Entah bagaimana aku harus memulai. Entah sampai kapan aku baru bisa menyakinkan, kita bukan pemilik cinta, ini. Dan kita harus segera mengakhirinya.


ditulis : 25.03.2010
(yang ditulis dalam perjalanan)


°°°

Saya mencoba kembali menulis disini, ambil jadwal Rabu seperti biasa.

Tuesday, May 4, 2010

Ini Gila!

Rasa itu masih ada. Mungkinkah aku mampu melupakan dia? Dia sangat lembut. Perawakannya yang gagah dan sopan membuat hatiku berdetak kencang. Hari itu hari Rabu, hari pertama pertemuan kami. Pakaiannya berwarna abu-abu. Dulu aku tidak menyukai warna itu. Bagiku, hidup ini hanya hitam dan putih. Tidak ada sesuatu seperti abu-abu. Itu palsu. Itu plin-plan. Itu tidak yakin.

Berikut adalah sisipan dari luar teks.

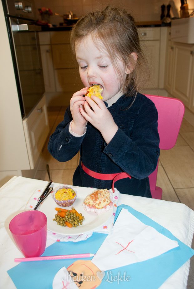 Dit is een ontzettend makkelijk en leuk kinderrecept dat tevens ideaal is om etensrestjes uit de koelkast mee op te maken. Restjes tomatensaus, een verdwaald stukje paprika of prei, een geopend blikje mais: je mag het allemaal gebruiken voor deze feestelijke macaroni-frittata’s. Ze worden er alleen maar kleurrijker en smakelijker van! Omdat ik geen restjes groenten meer in de koelkast had liggen, trok ik een blikje wortels en doperwten open om ernaast te serveren, maar je kunt ze natuurlijk ook gewoon in de frittata stoppen. Overgebleven frittata’s kun je de volgende dag koud in de broodtrommel stoppen of even opnieuw in de oven opwarmen. In de zomer gaan ze mee in de picknickmand. Heerlijk!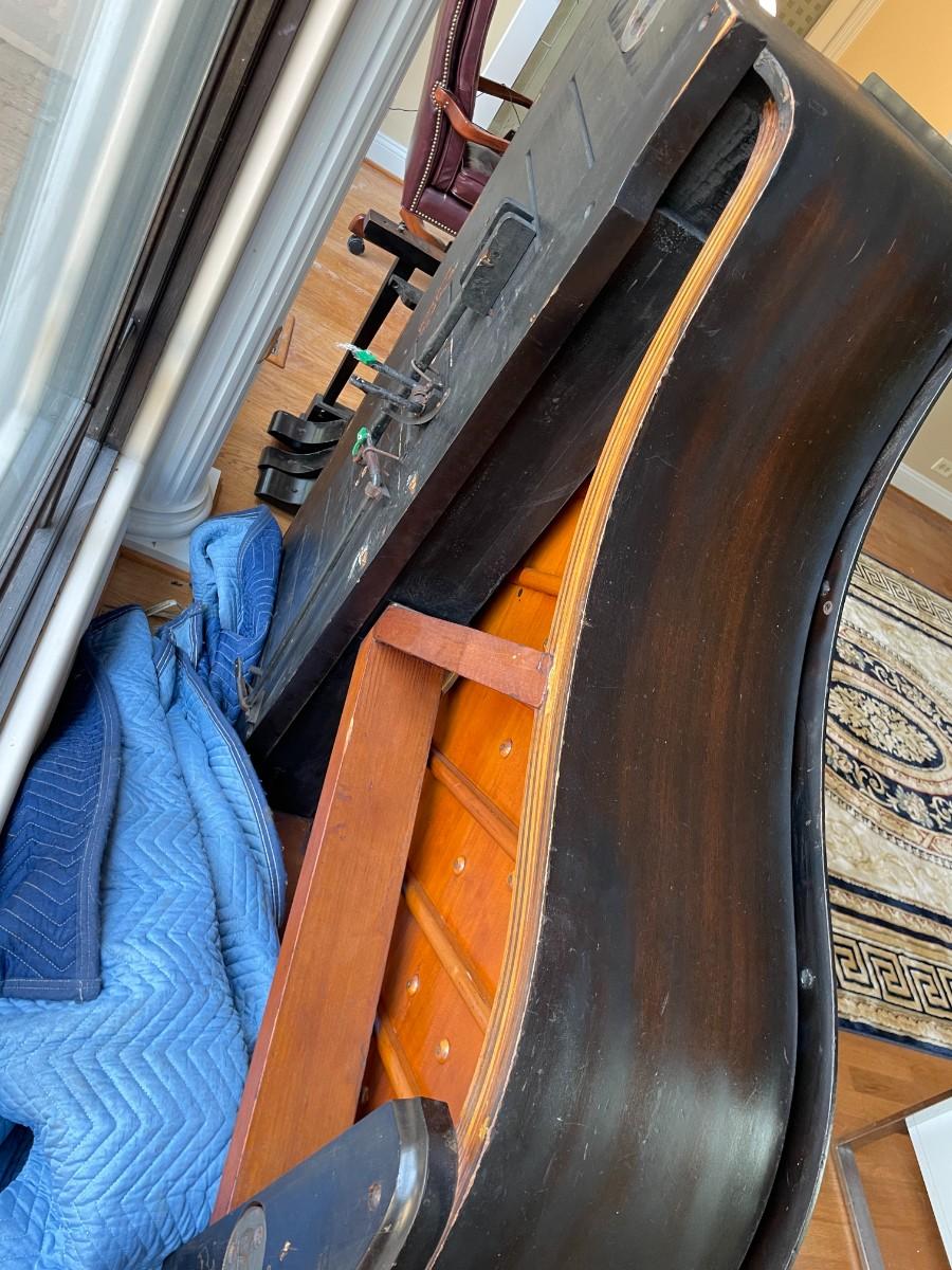 60L x 54W x 38H. Need to be reassembled and tuning.

Dia! Dia penyebab semua itu. Kilauan satin yang melekat pada dadanya yang bidang membuat aku merubah jalan pikiranku. Aku menjadi gila.

Dia! Dia akar permasalahannya. Sentuhan tangannya yang kuat dan sedikit kasar. Suaranya yang lembut namun tetap jantan. Saat dia mengatakan namanya, hatiku bergetar. Getaran apa ini?

Tidak! Aku tidak akan jatuh cinta. Cinta itu gila. Cinta itu buta. Hmm... cinta itu tidak nyata. Ilusi. Bohong besar.

Cinta hanya dialami orang yang haus belaian. Tante Ria misalnya, dia hanya butuh sentuhan. Suaminya yang tidak pernah pulang membuat dia dahaga. Aku? Tidak! Aku masih muda. Aku tidak gila. Aku waras. Aku bukan tante Ria.

Aku jatuh cinta. Ya! Salahkan aku! Hati ini berat. Hati ini lebih kuat. Aku berkhianat!

Pengkhianatan yang akan aku sesali selamanya.

Selamanya.

Tante Ria mengajak aku menikmati es krim vanila favoritku. Dia akan memperkenalkan aku dengan partner barunya. Aku tahu laki-laki itu tidak hanya partner. Aku tahu manusia semacam itu. Laki-laki yang hanya menginginkan harta tante. Laki-laki yang haus sentuhan. Laki-laki munafik.

Dia datang, aku berdiri dan menyapanya. Laki-laki yang menjadi partner tanteku. Laki-laki yang dulu menggunakan pakaian satin abu-abu. Laki-laki yang menggetarkan nadiku. Laki-laki favoritku. Laki-laki yang mengoyakkan hatiku.